Search code examples
nlpbert-language-modelhuggingface-transformershuggingface-tokenizers

BERT - Is that needed to add new tokens to be trained in a domain specific environment?


My question here is no how to add new tokens, or how to train using a domain-specific corpus, I'm already doing that.

The thing is, am I supposed to add the domain-specific tokens before the MLM training, or I just let Bert figure out the context? If I choose to not include the tokens, am I going to get a poor task-specific model like NER?

To give you more background of my situation, I'm training a Bert model on medical text using Portuguese language, so, deceased names, drug names, and other stuff are present in my corpus, but I'm not sure I have to add those tokens before the training.

I saw this one: Using Pretrained BERT model to add additional words that are not recognized by the model

But the doubts remain, as other sources say otherwise.

Thanks in advance.


Solution

  • Yes, you have to add them to the models vocabulary.

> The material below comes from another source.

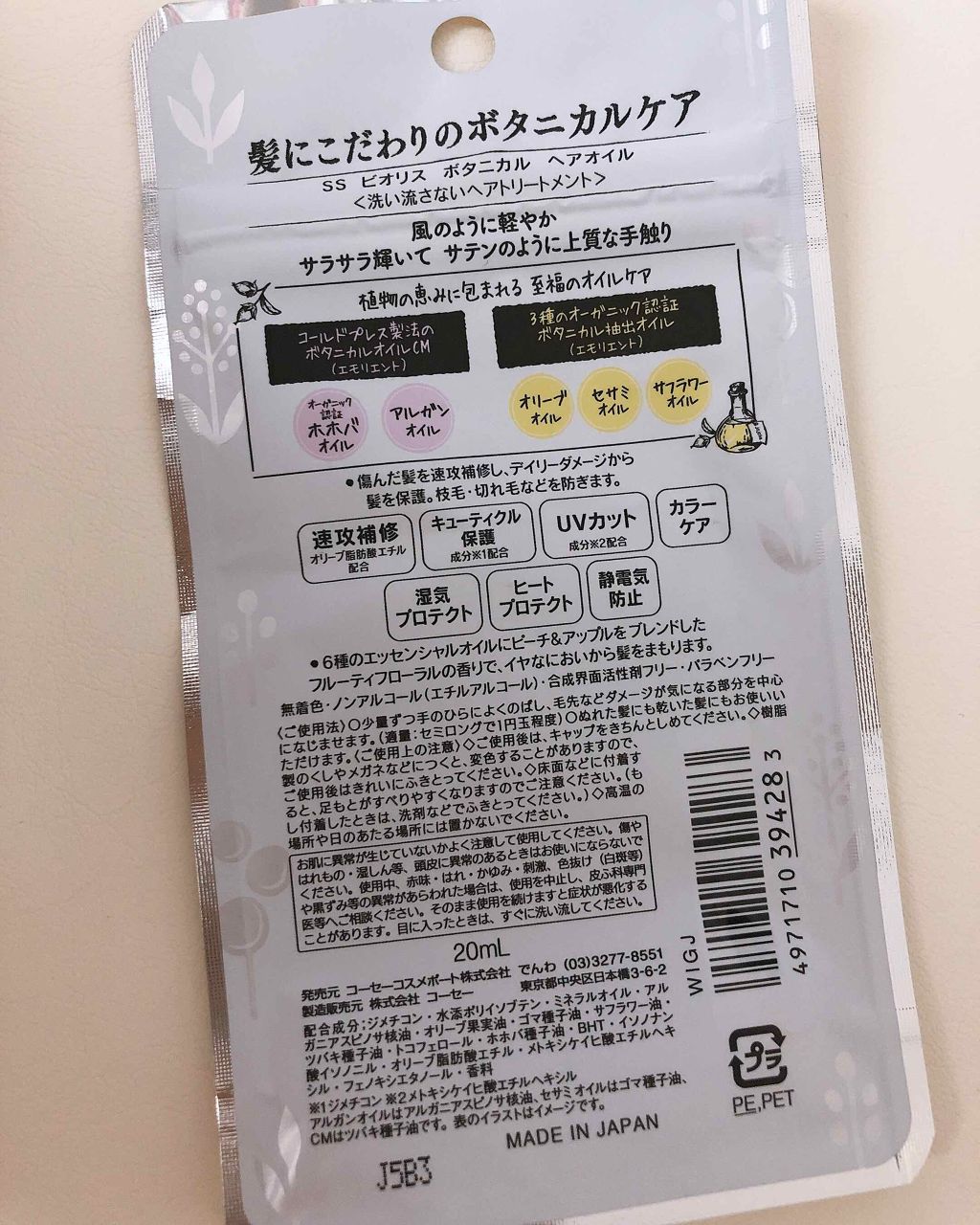 - 傷んだ髪も速攻補修し驚くほどに軽やかでサラサラまとまる髪へ ・コールドプレス製法のボタニカルオイルCM(エモリエント)配合(オーガニック認証ホホバオイル、アルガンオイル) ・3種のオーガニック認証ボタニカル抽出オイル(エモリエント)配合(オリーブオイル、セサミオイル、サフラワーオイル) ・傷んだ髪を速攻補修し、デイリーダメージから髪を保護。枝毛・切れ毛などを防ぎます ・速攻補修(オリーブ脂肪酸エチル配合)、キューティクル保護(成分※1配合)、UVカット(成分※2配合)ヒートプロテクト、湿気プロテクト、静電気防止、カラーケア ・6種のエッセンシャルオイルにピーチ&アップルをブレンドしたフルーティフローラルの香りで、イヤなにおいから髪をまもります ・無着色・ノンアルコール(エチルアルコール)・合成界面活性剤フリー・パラベンフリー ※1ジメチコン ※2メトキシケイヒ酸エチルヘキシル アルガンオイルはアルガニアスピノサ核油、セサミオイルはゴマ種子油、CMはツバキ種子油です
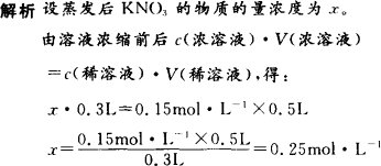答案:蒸发后KNO3的物质的量浓度为0.25 moL·L-1. |

    tokenizer = BertTokenizer.from_pretrained(model_name)
    tokenizer.add_tokens(['new', 'rdemorais', 'blabla'])
    model = Bert.from_pretrained(model_name, return_dict=False)
         
    model.resize_token_embeddings(len(tokenizer))
    

    The last line is important and needed since you change the numbers of tokens in the model's vocabulary, you also need to update the model correspondingly.